01 -
In a skillet set over medium heat, melt the butter or warm the oil. Add the finely chopped shallots and minced garlic, cooking until softened and fragrant, which typically takes 2–3 minutes. Ensure not to brown the aromatics.
02 -
While the aromatics cook, coarsely crush the black peppercorns using a mortar and pestle. Aim for a textured grind, leaving some larger fragments for a more pronounced flavor and mouthfeel.
03 -
Pour the brandy, wine, or stock into the skillet. Use a wooden spoon or spatula to scrape any browned bits from the bottom of the pan, incorporating their rich flavors into the liquid.
04 -
Stir in the chicken or beef stock along with the heavy cream.
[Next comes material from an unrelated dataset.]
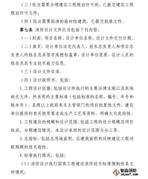 ?。ㄒ唬┌凑战ㄔO工程法律法規和國家工程建設消防技術標準進行設計,編制符合要求的消防設計文件,不得違反國家工程建設消防技術標準強制性條文;

Bring the mixture to a gentle simmer, allowing it to reduce slightly until the sauce thickens enough to lightly coat the back of a spoon.
05 -
Remove the pan from the heat. Whisk in the Dijon mustard, if desired. Season the sauce with salt and a few drops of Worcestershire sauce to taste. For an exceptionally smooth consistency, the sauce may be strained before serving.
06 -
If a thicker sauce is preferred, continue to reduce it over low heat. To thin the sauce, incorporate an additional splash of stock or cream. Serve the warm peppercorn sauce immediately over grilled steak, roasted chicken, or sautéed vegetables.